● Directions for this task: In the records below, find the line holding "Origami ptáčci - oranžové, zelené" and the line holding "Dog eating sheep’s". Set down both, with every line between them, exactly.

● Excerpted records:

___

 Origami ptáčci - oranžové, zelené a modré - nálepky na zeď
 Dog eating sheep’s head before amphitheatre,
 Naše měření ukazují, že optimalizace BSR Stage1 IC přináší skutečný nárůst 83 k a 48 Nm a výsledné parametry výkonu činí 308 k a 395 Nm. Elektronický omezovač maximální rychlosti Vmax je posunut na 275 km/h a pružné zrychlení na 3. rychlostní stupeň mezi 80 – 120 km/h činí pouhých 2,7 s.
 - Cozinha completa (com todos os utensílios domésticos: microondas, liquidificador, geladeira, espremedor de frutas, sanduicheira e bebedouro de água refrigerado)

___

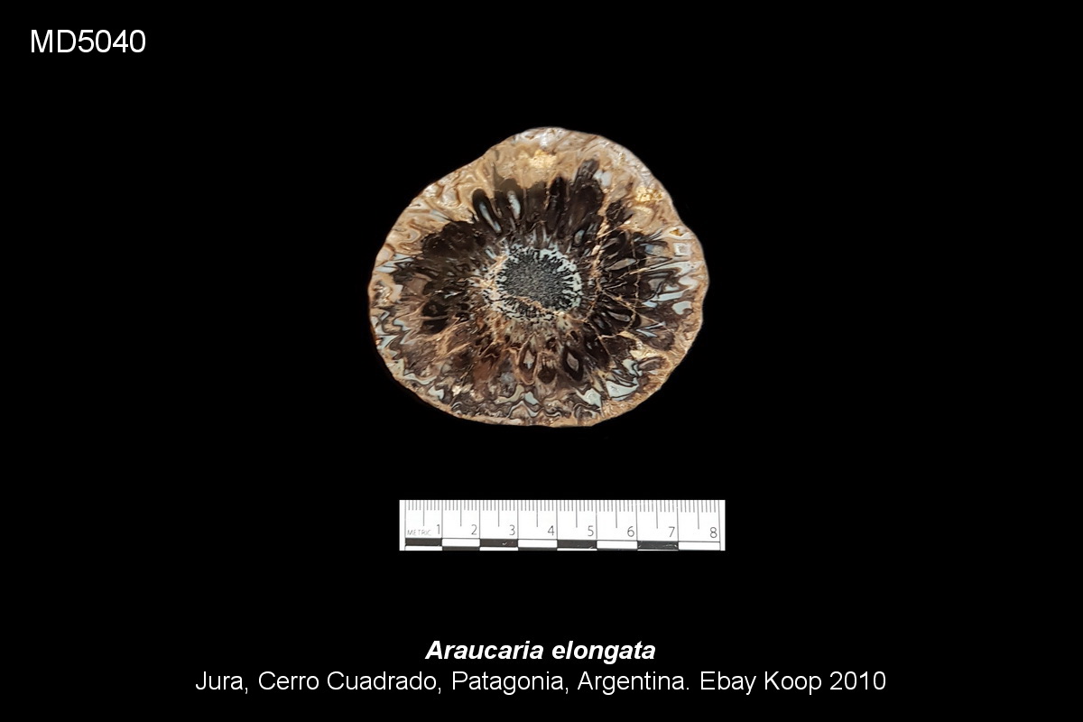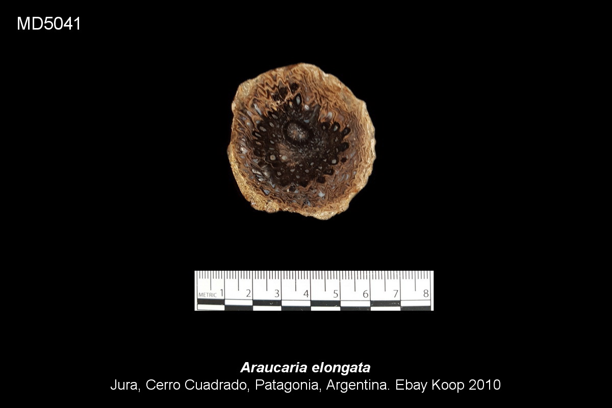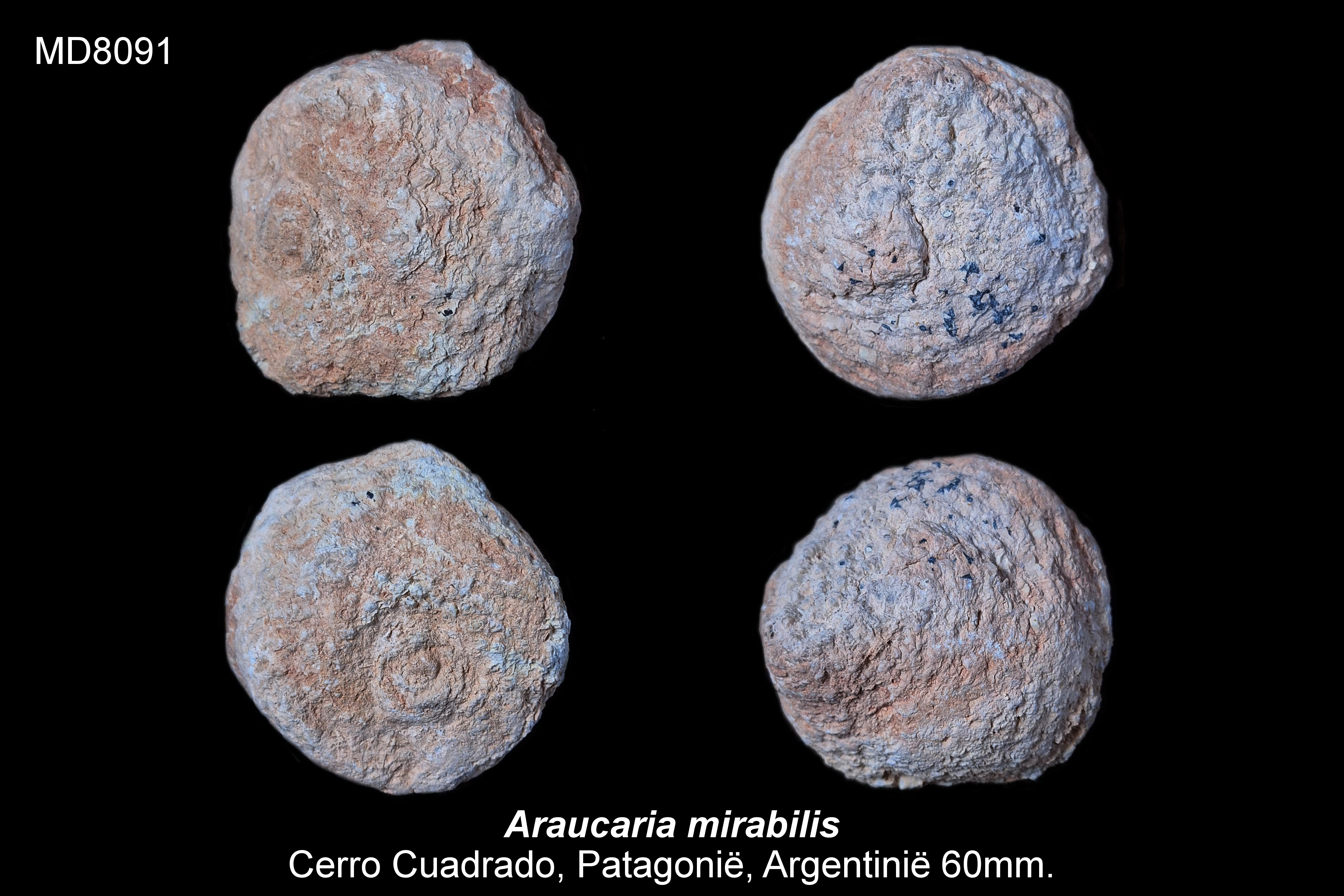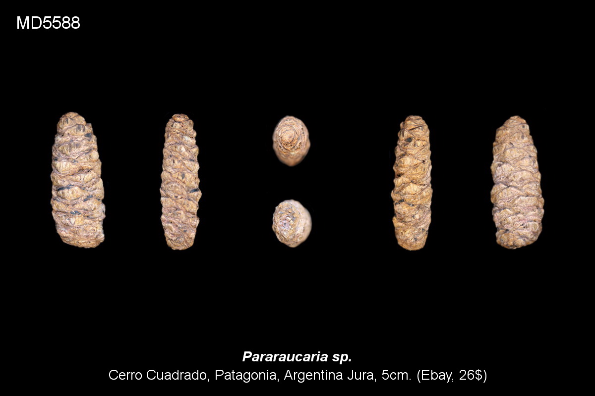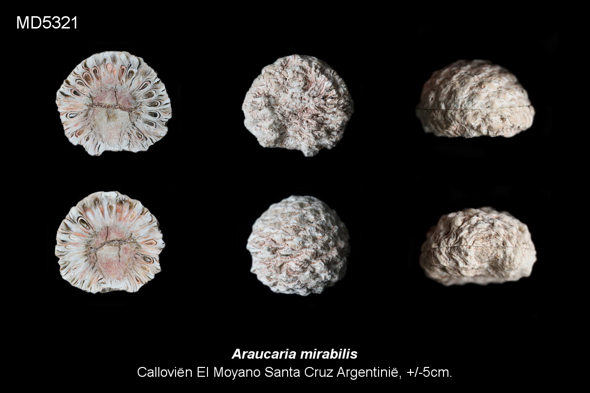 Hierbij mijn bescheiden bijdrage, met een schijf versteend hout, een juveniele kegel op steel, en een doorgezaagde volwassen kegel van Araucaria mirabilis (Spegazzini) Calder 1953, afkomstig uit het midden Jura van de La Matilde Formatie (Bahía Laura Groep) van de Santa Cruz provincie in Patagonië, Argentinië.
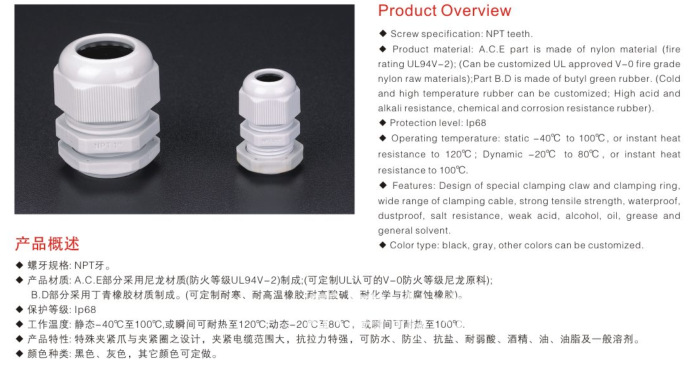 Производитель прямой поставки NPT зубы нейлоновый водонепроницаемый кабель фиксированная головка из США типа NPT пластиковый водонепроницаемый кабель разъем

___

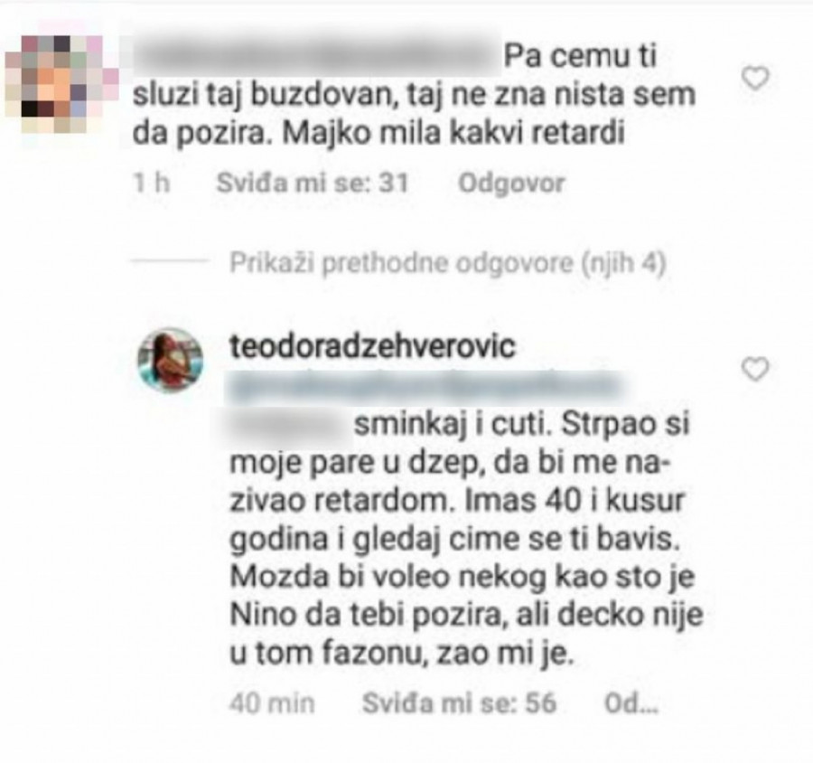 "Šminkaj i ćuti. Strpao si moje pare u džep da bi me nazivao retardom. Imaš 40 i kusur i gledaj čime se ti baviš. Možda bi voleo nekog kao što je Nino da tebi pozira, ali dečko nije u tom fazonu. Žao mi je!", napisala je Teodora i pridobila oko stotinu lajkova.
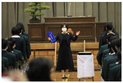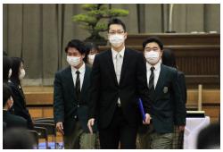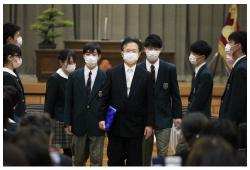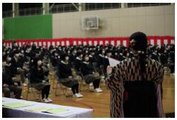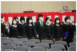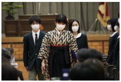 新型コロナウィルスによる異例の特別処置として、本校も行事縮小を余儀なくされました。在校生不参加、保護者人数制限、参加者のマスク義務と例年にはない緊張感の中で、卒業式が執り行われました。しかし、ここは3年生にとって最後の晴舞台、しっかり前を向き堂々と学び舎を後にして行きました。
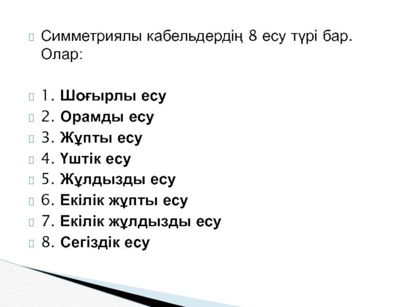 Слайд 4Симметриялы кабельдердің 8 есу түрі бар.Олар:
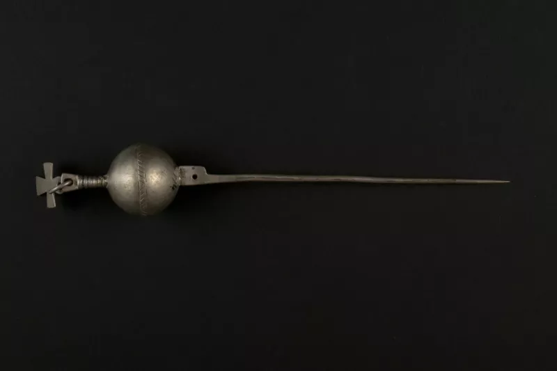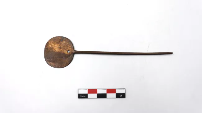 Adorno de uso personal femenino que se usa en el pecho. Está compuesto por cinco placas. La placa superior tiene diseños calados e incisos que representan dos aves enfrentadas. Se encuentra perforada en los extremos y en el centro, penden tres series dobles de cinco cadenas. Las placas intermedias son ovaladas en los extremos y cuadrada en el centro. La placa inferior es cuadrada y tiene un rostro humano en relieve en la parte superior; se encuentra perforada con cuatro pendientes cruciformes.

___

● Result for this task:
 Origami ptáčci - oranžové, zelené a modré - nálepky na zeď
 Dog eating sheep’s head before amphitheatre,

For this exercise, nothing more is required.